My family on my mothers side were all farmers. When she went to college they had a falling out. I grew up in the concrete jungle.

Someone said people back then had no social network. I disagree on my end. My relatives tended to help each other where ever help was needed. Take barn raising for instance. They came together as a community to get things done.


----------



## StratMaster (Dec 26, 2017)

Gunn said:


> My grandparents did not have electricity until the 50's, a TV until the 80's. I remember going to their place and for entertainment it was cribbage, canasta or hearts. He used to repair all of his stuff even his firearms. Grandma canned everything. In my young eyes my grandpa could do anything. Now that I know better, he could do anything. He is probably the person who influenced me the most next to my dad. He worked hard at "Prepping" before I even knew what it was. It was the "Norm" in Scotland and which he continued to do after they moved to the "Colonies". He lived to a ripe young age of 107.


I remember the long nights of playing hearts with my Grams and aunts as well... while eating her home made cinnamon rolls fresh from her old school kitchen. Nothing like that occurs on this planet now.


----------



## Annie (Dec 5, 2015)

OMGosh what a great thread. I'm loving everyone's stories. Keep them coming, please.

My husband can trace his lineage on his mom's side back to two families off the Mayflower, and at least one ancestor who fought in the Revolutionary War. So, if I think I'm having a bad day, I try to remember their struggles.


My husband's dad was one of 12 children who grew up in a row house during the depression in a coal mining town. The father died of black lung, so the kids had to go out and earn money for the family and keep the roof over their heads.

My paternal grandfather was orphaned and came over to the States after being a drummer boy in India and he became an engineer. On my mom's side, her grandfather came over from Ireland and became the chief of police in Brooklynn. 

I have other family members who fought in WWII, WWI and on who served in Koria.


----------



## admin (Apr 28, 2016)

I think that many times they were stronger because of the challenges they had to face.

Tough times seem to either strengthen a person or breaks them.

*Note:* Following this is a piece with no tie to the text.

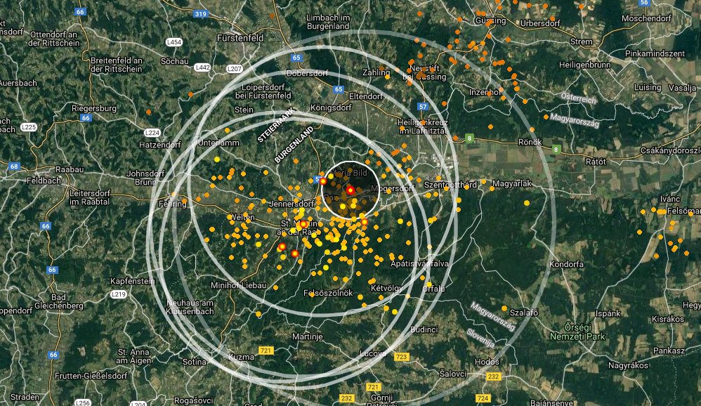 Wie das Blitzradar deutlich zeigte, kamen die Gewitterzellen aus Slowenien und entluden sich im Südosten Österreichs.
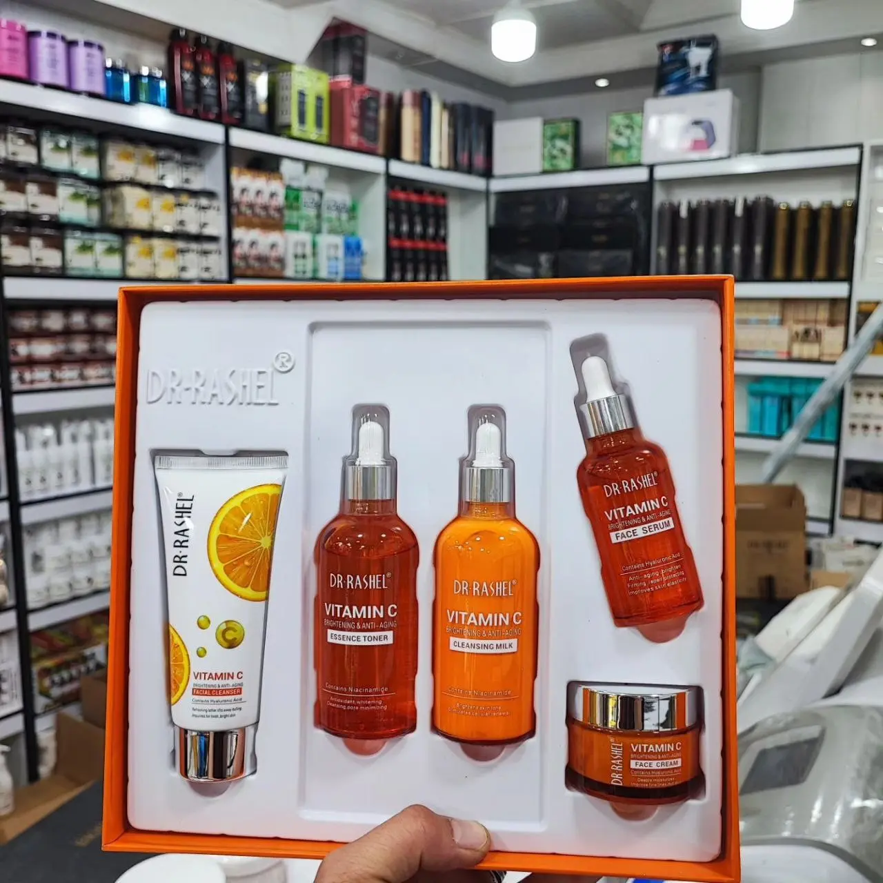 پاک کننده صورت ضد پیری ویتامین C سرم صورت روشن کننده و ضد پیری ویتامین C کرم روشن کننده و جوانسازی ویتامین C تونر روشن کننده و رفع چروک ویتامین C شیر پاک کن ضد پیری ویتامین C تاریخ انقضا 2026 شامل 5 محصول مورد نیاز پوست

Several years back, I had the year from hell. I went through a divorce, moved my kids across the country, my youngest son got expelled from kindergarten, my house burned down a few days after Christmas, and so on. After experiences like that, the everyday problems just don't seem to be a big deal anymore, ya know?


----------



## paraquack (Mar 1, 2013)

My father was born in 1898, my mother in 1902. Not really sure when my grandparents were born, but it was in the old 
country, Germany and Poland and that area. They settled in central WI, bought property and started farming again.
The biggest thing I remember was my parents and especially my grandparents (all farmers) used the technology of the day. 
Nothing was dependent of electricity. Well water for the farm was brought up by wind power. Bulk milk was kept cold in a 
cold water bath of the well water. Horses pulled the plow, wagons and such. Electricity didn't come to my farm until 1953.
In 1951, my father sunk another well in the basement of the farm house and put a hand pump in the kitchen for mother.
As my 5 siblings grew up and moved off the farm, my parents decided to move off the farm too. Fortunately my father saw
the hand writing on the wall and trained as an electrician with the local power company and that became his career. 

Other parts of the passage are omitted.